For different models
Linear Regression: Lower accuracy, poor performance, and negative R-squared values at larger sample sizes of Google Maps data indicate that complexity of the data may not be captured.
Decision tree: Moderate accuracy, r-squared values due to linear regression, but still low or negative, surface predictive power is limited and cannot capture the full complexity.
Random forest: As the sample size increased, it showed greater accuracy and R-squared, indicating better generalization compared to other models, especially on TripAdvisor data.
For different datasets
Google Maps: The decision tree model consistently outperforms the other two models in terms of accuracy. In terms of R-square value, the random forest model shows improvement with the increase of sample size.

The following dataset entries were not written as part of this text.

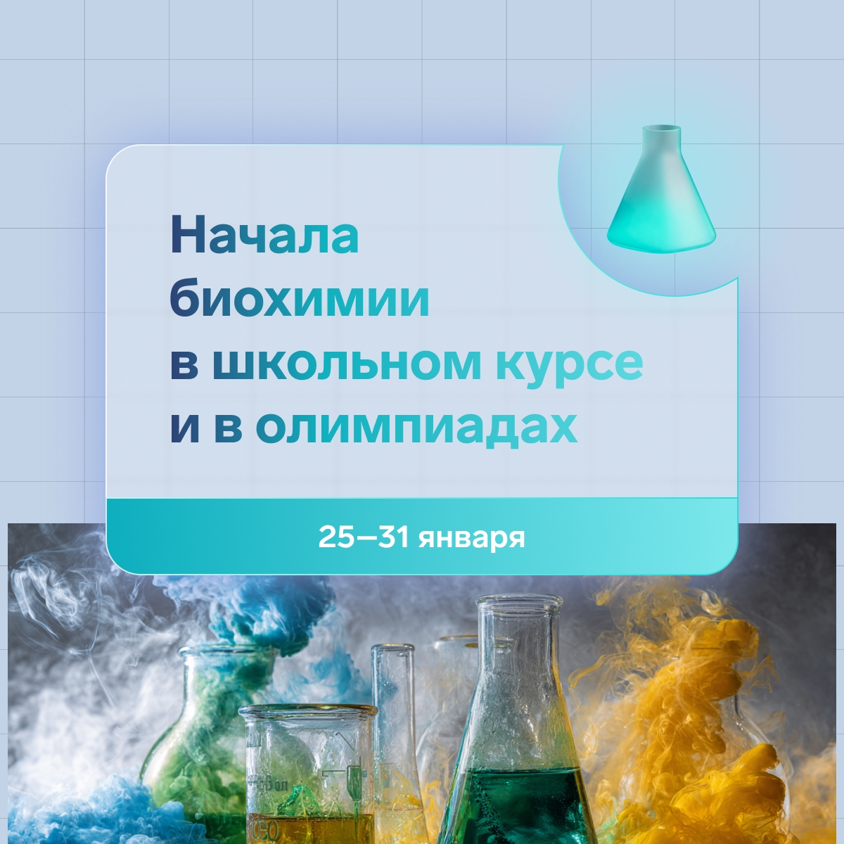 С 25 по 31 января в Образовательном центре "Сириус" пройдёт новая программа повышения квалификации «Начала биохимии в школьном курсе и в олимпиадах»
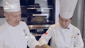 面对“抢戏”的马老师,巴卡尼尼先生倒也显得非常大度,甘当配角地协助马老师把炖好的猪肘放进烤箱。
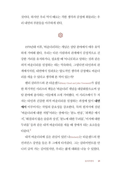 °³ÀÎÀÇ ¼ºÀåÀ» À§Çؼ´Â ´ëÀΰü°è¿¡ ¹Ù¿î´õ¸®¸¦ ¼¼¿ö¾ß ÇϵíÀÌ, ³»¸é¼¼°è¿¡µµ °Ç°ÇÑ ¹Ù¿î´õ¸®¸¦ ¼¼¿ö¾ß ÇÑ´Ù. ¿ì¸® ¿µÈ¥ÀÇ ´Ù¾çÇÑ ºÎºÐµéÀÌ ¼·Î ¿¬°áµÇ°í ÅëÇÕµÉ ¶§ ºñ·Î¼Ò ¿ì¸®´Â Ä¡À¯¸¦ °æÇèÇϰí, °ü°è¸¦ ¸ÎÀ¸¸ç, »î¿¡¼ ÃÖ»óÀÇ ±â´ÉÀ» ¹ßÈÖÇÒ ¼ö ÀÖ´Ù. ¾Ù¸®½¼ Äî(Alison Cook)°ú Å´¹ú¸® ¹Ð·¯(Kimberly Miller)´Â ÀÌ ¿©Á¤À» ¾î¶»°Ô ½ÇõÇÒ ¼ö ÀÖ´ÂÁö¿¡ °üÇØ ¸Å¿ì À¯ÀÍÇϰí Èï¹Ì·Î¿ì¸é¼µµ ½Ç¿ëÀûÀΠåÀ» ¼¼»ó¿¡ ³»³õ¾Ò´Ù.
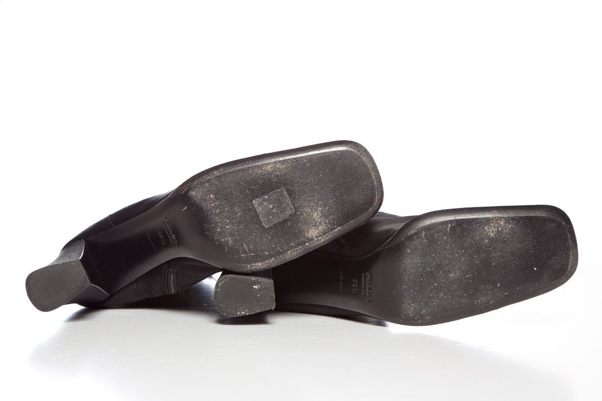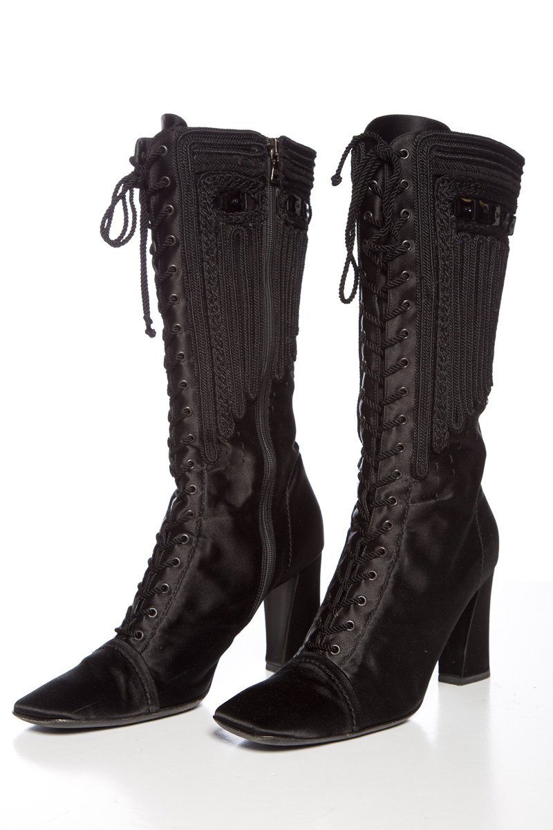 Prada Black Satin Lace-up Square Toe Boots SZ 39.5
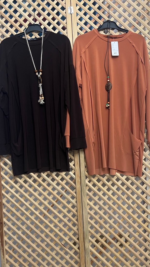 Koyu kahverengi, uzun kollu, bol kesim ve yuvarlak yakalı tunik. İpeksi kumaştan, günlük kullanım için bohem tarzda zahmetsiz şıklık sunar. 36/44 uyumlu 1 beden
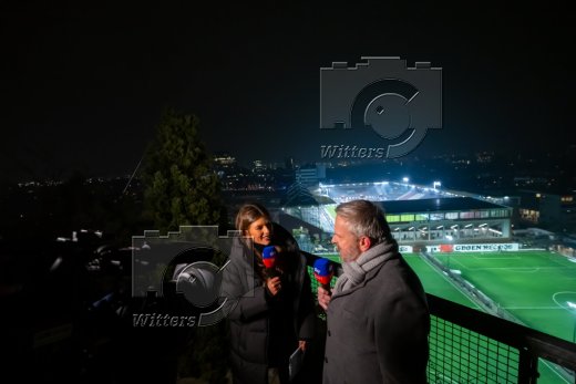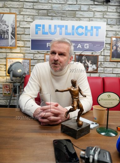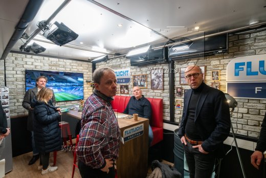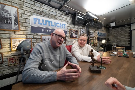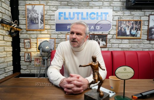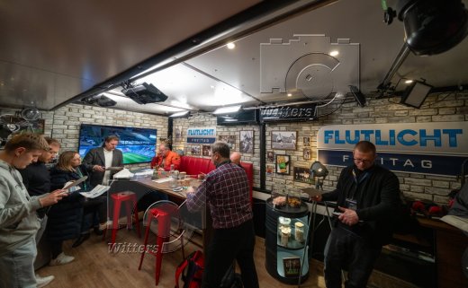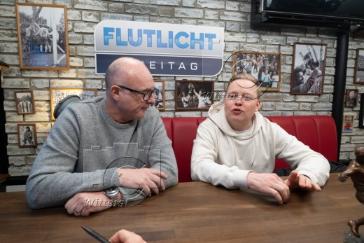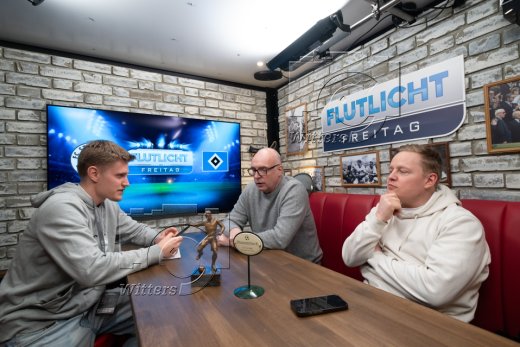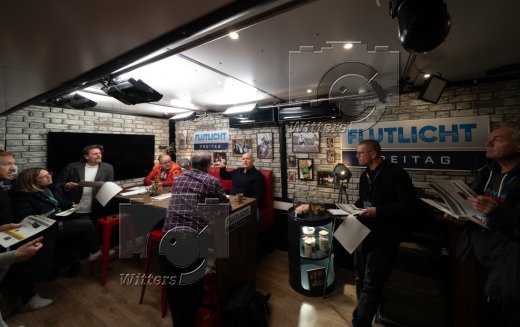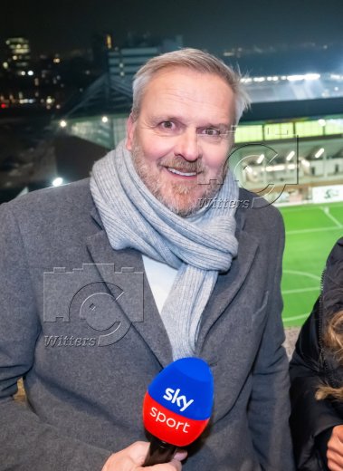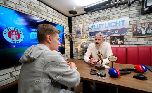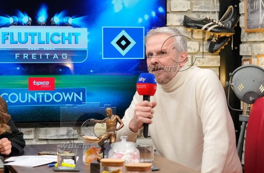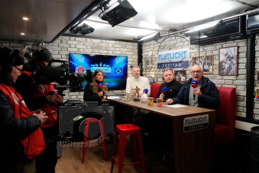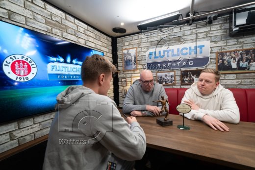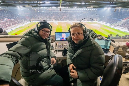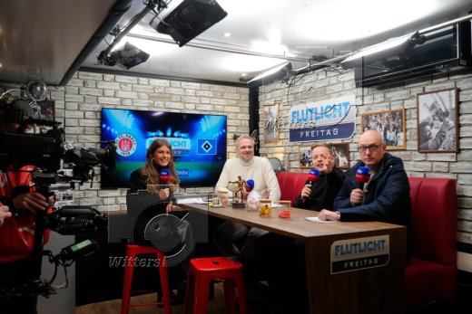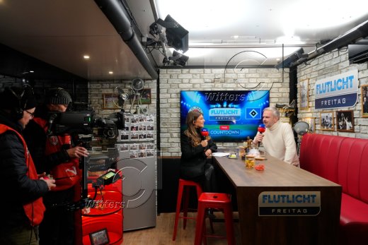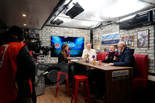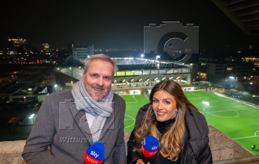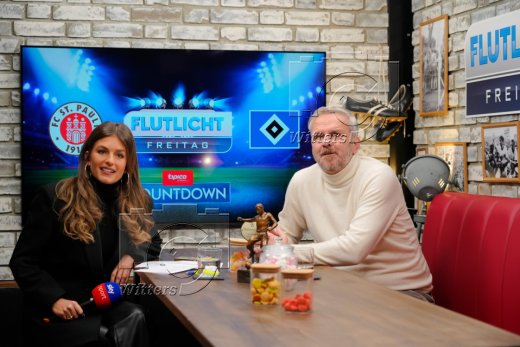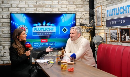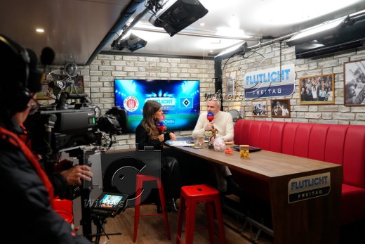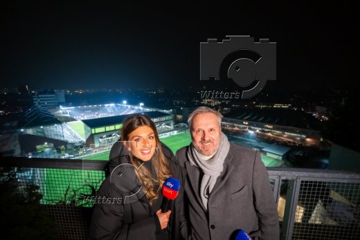 v.l. TV-Experte Dietmar ''Didi'' Hamann, Moderatorin Mara Mones (Sky), Vor dem Millerntor-Stadion auf dem Bunker

TripAdvisor: The accuracy of all models improved as the sample size increased, with the random forest model showing the best performance on the largest sample size. Similarly, with the increase of the number of samples in all models, the R-square night watch will increase, and the random forest will achieve the highest value in the maximum sample size.
Model selection
Business strategy suggestions
In conclusion, this analysis of Malaysia’s restaurant scene, leveraging data from TripAdvisor and Google Maps, has unearthed significant insights. Key trends in customer preferences were identified, particularly high satisfaction rates in the Kuala Lumpur region. The Random Forest model demonstrated exceptional predictive capabilities, underscoring its effectiveness. These insights are invaluable for businesses, suggesting ways to enhance service quality and diversify menus. Looking ahead, there’s potential for exploring regional tastes and the impact of seasonal trends, which could further enrich our understanding of the dynamic culinary landscape in Malaysia. This project highlights the power of data-driven analysis in transforming the restaurant industry.